If you have a Mac, you can snoop on Safari to see how it's doing by using a tool called "Instruments" (it's part of the iOS SDK). If you don't have a Mac or don't want to download the SDK, just open a clean instance of Safari, open up Windows' Task Manager or Mac's Activity Monitor and watch how your memory usage changes when you load up your webapp.

Staying within the 6MB window is annoying. The biggest thing is try to avoid creating new images. For example, this pattern is a huge problem on an iPhone:

function placeImage(imagename,targetelement) { 
    var image = new Image();
    image.src = imagename;
    targetelement.appendChild(image);
}

In this case, even if you remove the image from the DOM, and even though image is scoped within placeImage, it will never, ever get released and it is just a matter of time before this application crashes the browser. If this is your case, instead think about how many images you need to display at once, create image objects only for those elements and recycle them (just reset the src any time you want a new image).

Also, I've found that JavaScript's application stack is much smaller than on a desktop browser, so if you have a lot of recursion, you'll see the problem much faster on iOS. The way to spot this problem is to open up the Developer Tools in Safari and use the profiler to see what functions are getting called the most.
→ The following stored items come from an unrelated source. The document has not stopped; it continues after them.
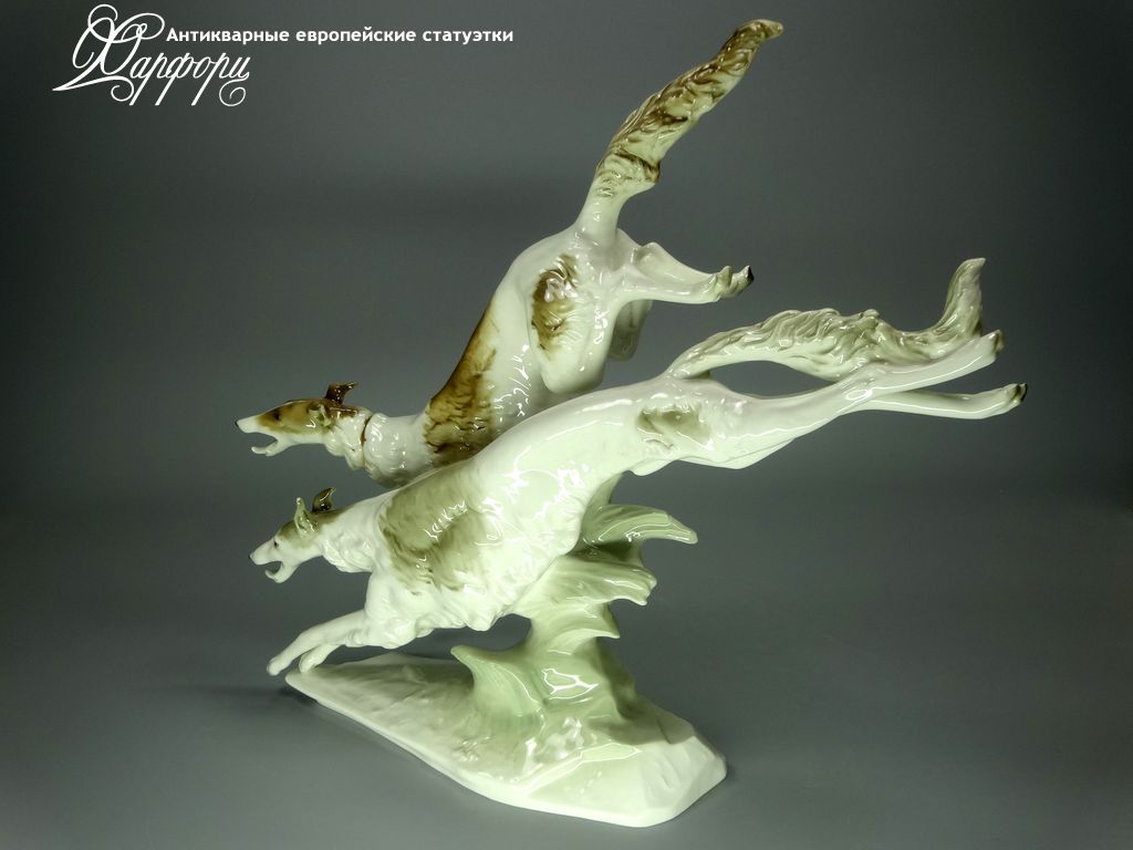 Фарфоровая статуэтка Hutschenreuther Бегущие борзые Оригинальная фарфоровая статуэтка мануфактуры Hutschenreuther (ГЕРМАНИЯ, 1939-44г).
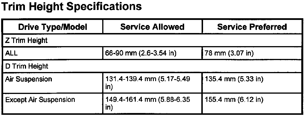 Trim Height Specifications
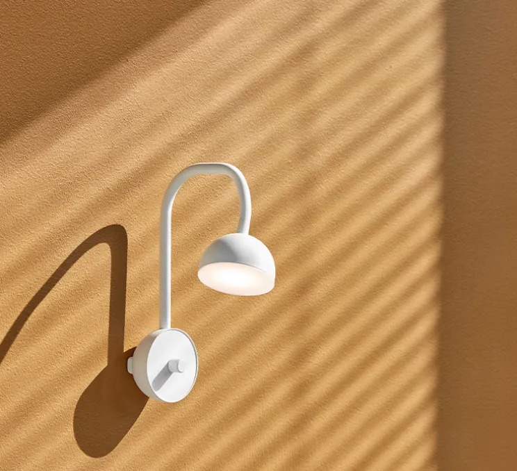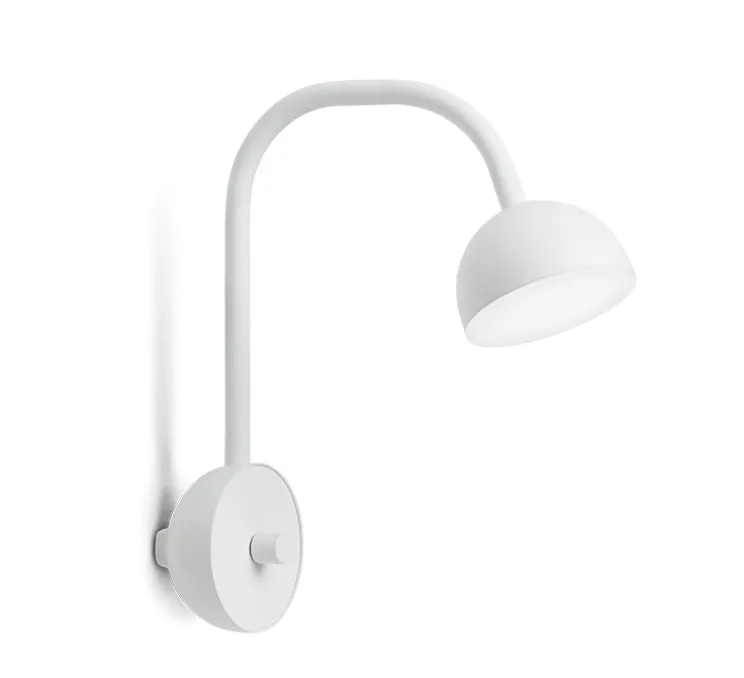 La lampe Blush est composée d’une base murale avec bouton variateur et câble, d’un bras flexible et d’une tête semi-sphérique intégrant la source lumineuse. Discrète et élégante, Blush s’intègre aisément à chaque intérieur, que ce soit dans un coin lecture, en tête de lit ou au-dessus d’un bureau.

[edit] I can't remember if this is the exact technique that exposes how numbers are stored differently internally by webkit, but I think it is. Basically, you do a sort on a million random numbers, first with a float, then (if you uncomment the line) an integer and then a large integer. I'm not good with typed languages, so I'm not exactly sure what this proves other than that internally numbers are treated differently depending on their smallest possibly representation.

arrTarget = [];
for (var i = 0; i < 1000000; i++) {
    arrTarget.push(Math.random() * 16000000);
//  arrTarget.push(Math.floor(Math.random() * 16000000));
//  arrTarget.push(Math.floor(Math.random() * 1600000000000));
}

// Time how long it takes to sort the array:
var time = new Date().getTime();
arrTarget.sort();
console.log(new Date().getTime() - time);


This isn't something you can do in general, but the sizes of some JavaScript objects are not implementation specific, so you do have some guarantees:

  • "A string value is a member of the type String and is a finite ordered sequence of zero or more 16-bit unsigned integer values."
  • "The type Number is a set of values representing numbers. In ECMAScript, the set of values represents the double-precision 64-bit format IEEE 754 values including the special "Not-a-Number" (NaN) values, positive infinity, and negative infinity."